- _What this task involves_
Among the records below, find the line with "NRU assay was" and the line with "1 Anel Coroa". Set down both and every line between, exactly and with no pictures, but nothing else.

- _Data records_
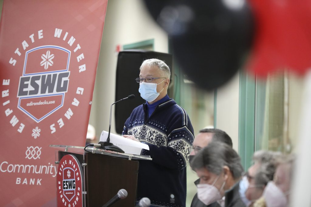 A panel of guests, including sponsors and athletes, speak to the media during the Empire State Winter Games press event at the Tupper Lake Civic Center in Tupper Lake, New York, on Tuesday, January 11, 2022. Photo by Kayla Breen.
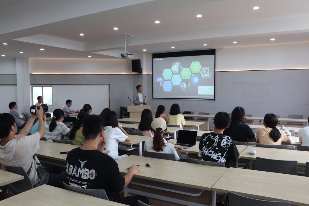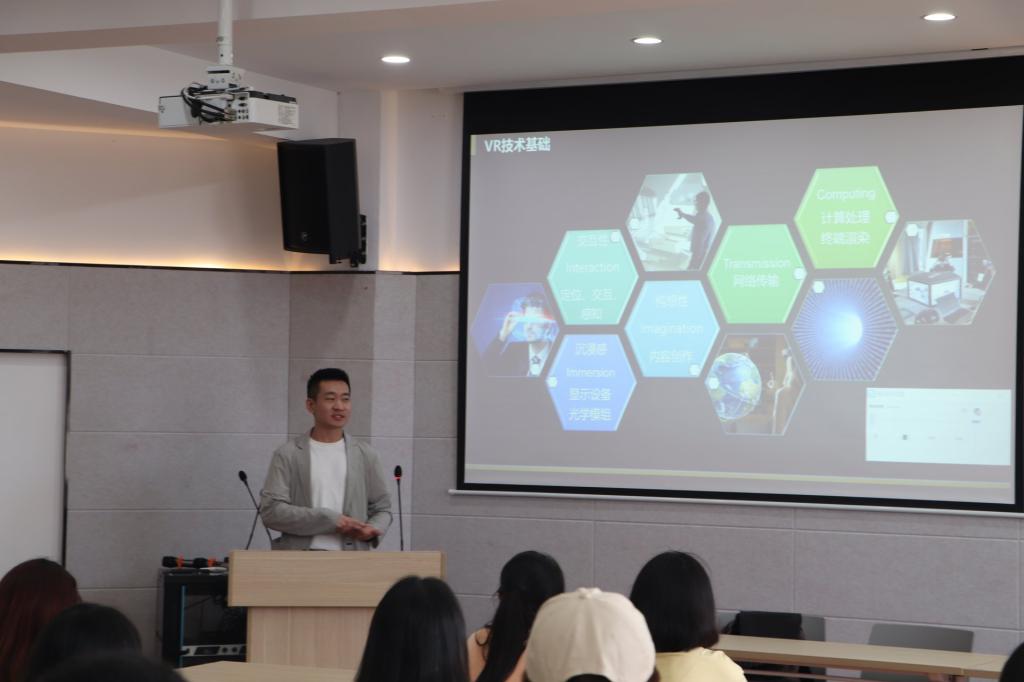 会议伊始,贾凌宇经理从电影《头号玩家》中的VR头盔入手,向同学们介绍了VR技术中的“3I”特性——沉浸感、交互性、共享性,以及VR技术在文科与理工科中得到广泛应用的现状。随后,贾经理从已有案例出发,向同学们展示了VR技术在人文历史、休闲旅游、艺术设计、经管类专业等方面的实验与应用,使同学们在了解VR技术在国内各个行业的开发成果后,更加深刻地体会到我国虚拟现实技术发展的先进性与卓越性。
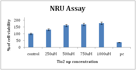 NRU assay was done according to method of Mosmann.22 Cells (10,000/well in 100μl medium) were seeded in 96 well plate and allowed to adhere overnight. Medium was aspirated and cells were incubated with TiO2 NPs (250, 500, 750 and 1000μM) at 37°C for 24h, respectively and for 2h with NRU dye (4mg/ 10ml in PBS). The reaction mixture was carefully aspirated and the cells were destained by adding 150μl destaining solution. Absorbance was read at 540nm in a SYNERGY-HT multiwell plate reader, Bio-Tek (USA) using KC4 software.
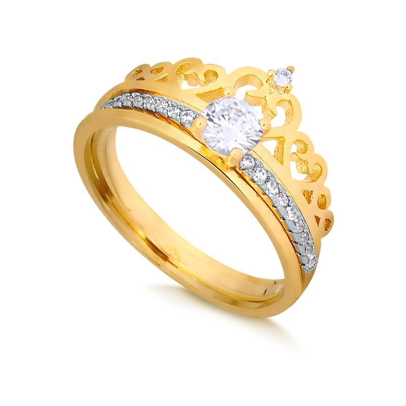1 Anel Coroa Com Solitário Encaixado E Pedras De Zircônias
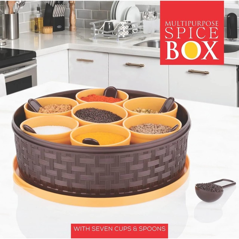 SPICE/MASALA BOX CONTAINER : This Multipurpose Spice Box made With 100% food grade BPA free Virgin material is very useful to keep spices in fresh and proper way in single box. This Round Storage box with 7 sections and 7 Spoons can be used for storing handy amount of all spices , Rangoli Colors and masalas frequently used in kitchen. It is also very useful for various other household usages like for Rangoli powder, Medicines, Tailoring Items, etc.
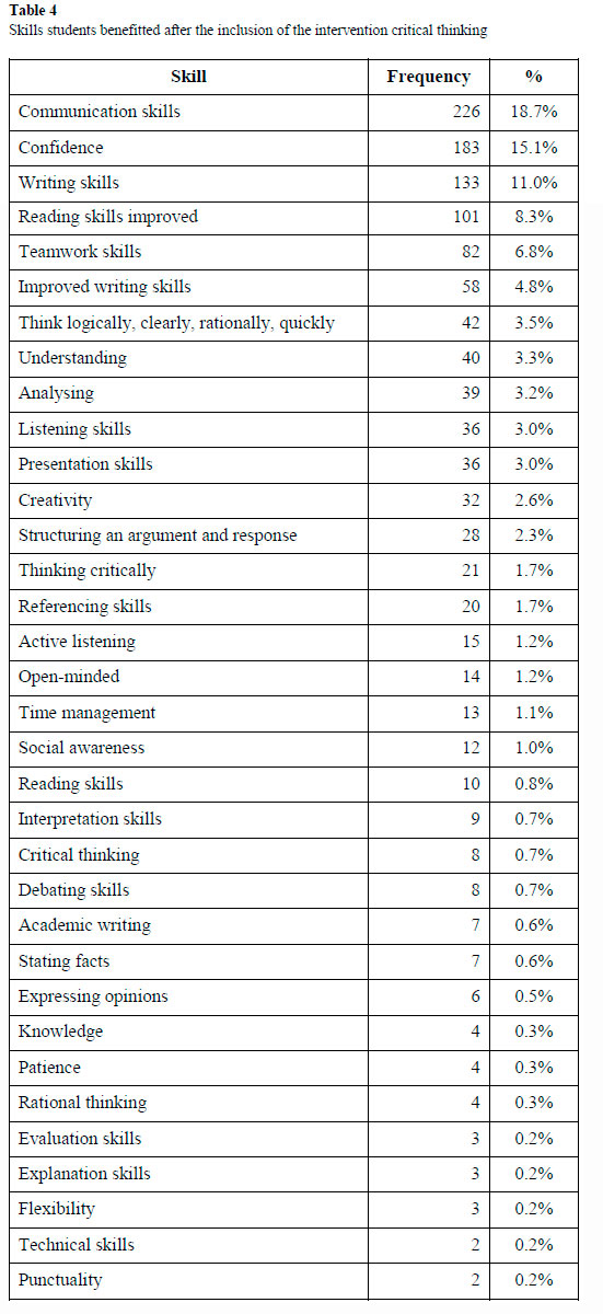Students had to each name three skills that they had benefitted from being exposed to the critical thinking interventions. The qualitative data were analysed using an Excel spreadsheet, and N = 2,014 benefits in skills were recorded. The benefits in skills students experienced after the inclusion of the intervention, critical thinking, were grouped in different skill categories as per Table 4. The highest ranked skill was "Communication skills" (18.7%), and second highest, "Confidence" (15.1%; some students indicated "Self-confidence" because it was grouped under the theme, "Confidence"), and the third highest "Writing skills" (11.0%). The category, "Improved Writing skills" (4.8%), was reported separately to "Writing skills" and not combined because with the inclusion of critical thinking interventions in the accounting curriculum, some writing skills were "Developed" while others "Improved."'
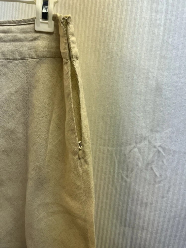Women’s 100% linen face skirt by charter club size 10 with side zip long. Let me know if you have any questions. Thanks for looking item is in good condition
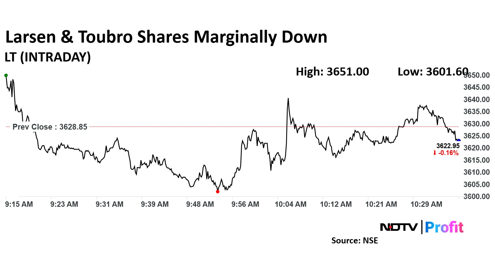 L&T share price fell as much as 0.75% to Rs 3,601.60 apiece. However, the stock soon pared losses to trade 0.22% higher at Rs 3,637 apiece, as of 10:31 a.m. This compares to a 0.16% advance in the NSE Nifty 50 Index.
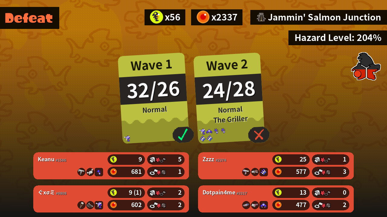 | Weapons | Dynamo Roller Luna Blaster | Splat Roller Blaster | Splattershot Pro Heavy Splatling | Octobrush Bloblobber |

- _Output below_
 NRU assay was done according to method of Mosmann.22 Cells (10,000/well in 100μl medium) were seeded in 96 well plate and allowed to adhere overnight. Medium was aspirated and cells were incubated with TiO2 NPs (250, 500, 750 and 1000μM) at 37°C for 24h, respectively and for 2h with NRU dye (4mg/ 10ml in PBS). The reaction mixture was carefully aspirated and the cells were destained by adding 150μl destaining solution. Absorbance was read at 540nm in a SYNERGY-HT multiwell plate reader, Bio-Tek (USA) using KC4 software.
1 Anel Coroa Com Solitário Encaixado E Pedras De Zircônias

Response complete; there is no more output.